### [Data provided]
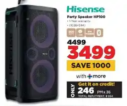 HiFi Corp Hisense Party Speaker HP100 offerHisense Party Speaker HP100HiFi CorpR 4 499,00R 3 499,00Save 100029 December 202503 January 2026
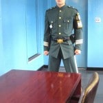 Two South Korean Military Personnel stood in the room with us. We were told they were here for our protection. These two boys were a hoot. They stand with their fists clenched at their sides (which is the traditional ready-to-attack Tae Kwon Do stance). All South Korean Military at the DMZ must wear Ray Ban aviator sunglasses. They wear these sunglasses to intimidate the North Koreans who stare at them 24 hours a day just meters away from the MDL. I peaked out the buildings window and noticed soliders standing half exposed at the end of each of the buildings, facing towards North Korea. We were told they stand behind these buildings with only half of their body showing in order to reduce their chances of being shot while on duty.
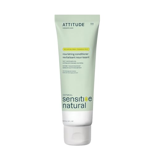 ATTITUDE Après-Shampoing Ultra Doux pour Cuir Chevelu Sec et Sensible, à l’Avoine Apaisante, Ingrédients d’Origine Naturelle, Testé Dermatologiquement, Démêlant Végan, Nourrissant, 240 mL
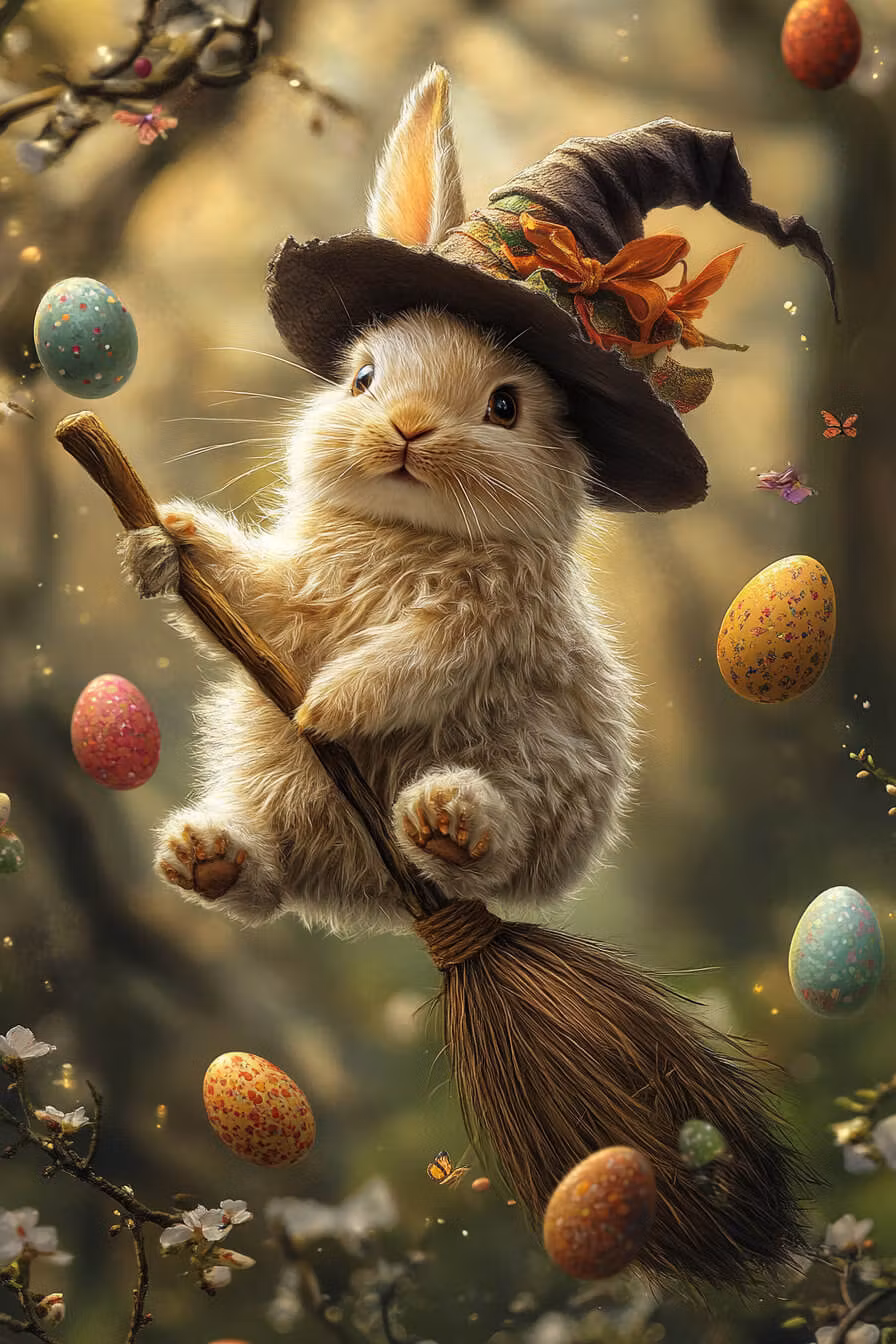 Enkelt Påskkort - Kanin mot Blåkulla (10 kort)
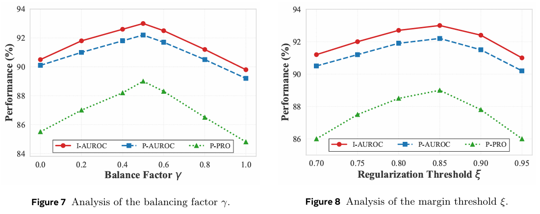 图 7 和图 8 展示了平衡因子 γ\gammaγ 与边界阈值 ξ\xiξ 的敏感性。性能在 γ=0.5\gamma = 0.5γ=0.5 时达到峰值,该值能最优地平衡缺陷检测与噪声抑制;ξ=0.85\xi = 0.85ξ=0.85 能有效正则化语义,在防止漂移的同时保持足够的多样性以捕获多样化的异常。
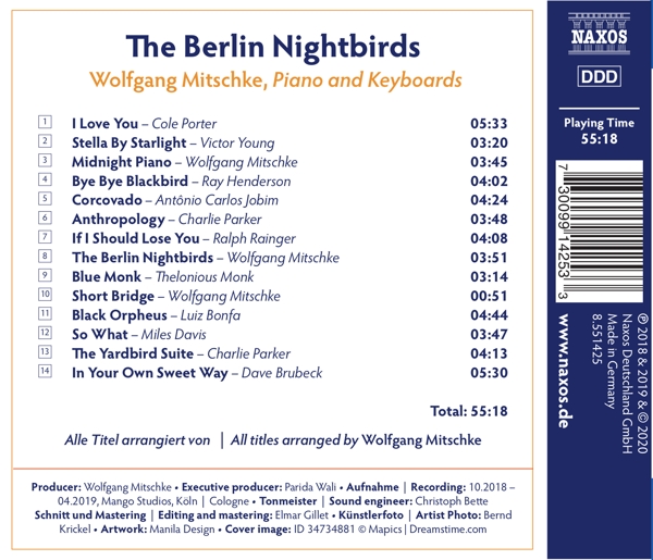 01. "I love you" 02. "Stella by starlight" 03. "Midnight piano" 04. "Bye bye blackbird" 05. "Corcovado" 06. "Anthropology" 07. "If I should lose you" 08. "The Berlin nightbirds" 09. "Blue monk" 10. "Short bridge" 11. "Black Orpheus" 12. "So what" 13. "The yardbird suite" 14. "In your own sweet way"
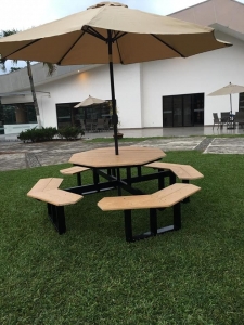 Octagon Picnic Table can seat up to eight people at a time and is perfect for family meals on your patio or in your backyard. Dinner in the midst of nature
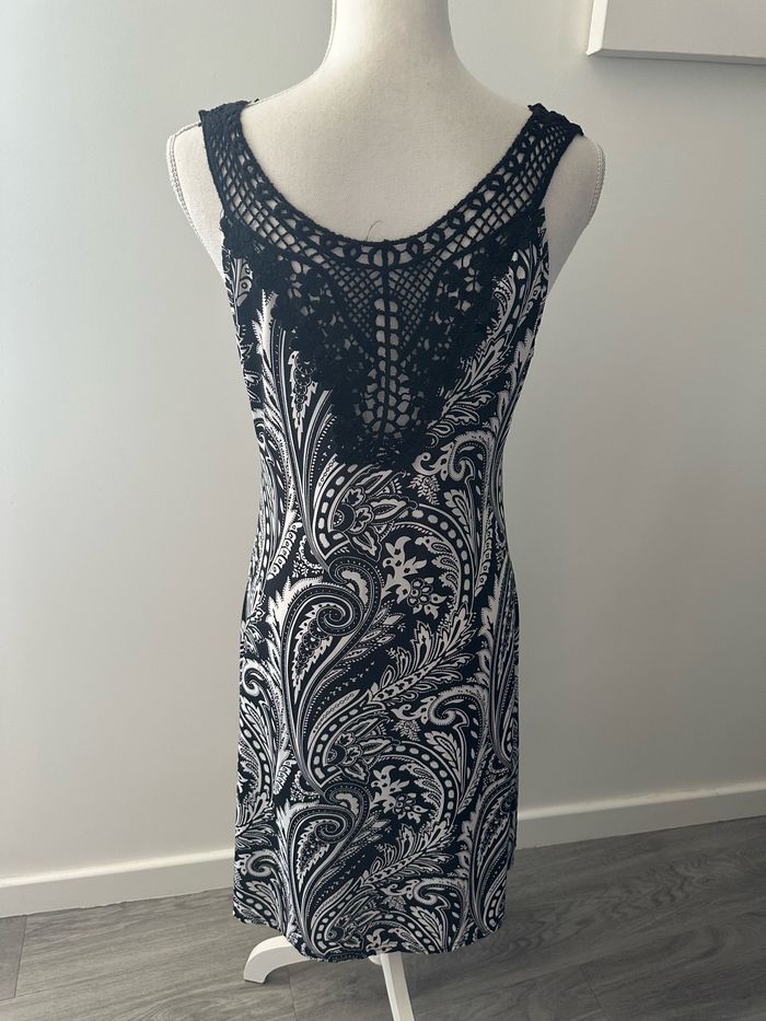 Robe noire et blanche paisley dentelle T38 M - photo numéro 2

### [Task details]
What is needed is a verbatim copy of the entries, leaving out any pictures.

### [Expected output]
 HiFi Corp Hisense Party Speaker HP100 offerHisense Party Speaker HP100HiFi CorpR 4 499,00R 3 499,00Save 100029 December 202503 January 2026
 Two South Korean Military Personnel stood in the room with us. We were told they were here for our protection. These two boys were a hoot. They stand with their fists clenched at their sides (which is the traditional ready-to-attack Tae Kwon Do stance). All South Korean Military at the DMZ must wear Ray Ban aviator sunglasses. They wear these sunglasses to intimidate the North Koreans who stare at them 24 hours a day just meters away from the MDL. I peaked out the buildings window and noticed soliders standing half exposed at the end of each of the buildings, facing towards North Korea. We were told they stand behind these buildings with only half of their body showing in order to reduce their chances of being shot while on duty.
 ATTITUDE Après-Shampoing Ultra Doux pour Cuir Chevelu Sec et Sensible, à l’Avoine Apaisante, Ingrédients d’Origine Naturelle, Testé Dermatologiquement, Démêlant Végan, Nourrissant, 240 mL
 Enkelt Påskkort - Kanin mot Blåkulla (10 kort)
 图 7 和图 8 展示了平衡因子 γ\gammaγ 与边界阈值 ξ\xiξ 的敏感性。性能在 γ=0.5\gamma = 0.5γ=0.5 时达到峰值,该值能最优地平衡缺陷检测与噪声抑制;ξ=0.85\xi = 0.85ξ=0.85 能有效正则化语义,在防止漂移的同时保持足够的多样性以捕获多样化的异常。
 01. "I love you" 02. "Stella by starlight" 03. "Midnight piano" 04. "Bye bye blackbird" 05. "Corcovado" 06. "Anthropology" 07. "If I should lose you" 08. "The Berlin nightbirds" 09. "Blue monk" 10. "Short bridge" 11. "Black Orpheus" 12. "So what" 13. "The yardbird suite" 14. "In your own sweet way"
 Octagon Picnic Table can seat up to eight people at a time and is perfect for family meals on your patio or in your backyard. Dinner in the midst of nature
 Robe noire et blanche paisley dentelle T38 M - photo numéro 2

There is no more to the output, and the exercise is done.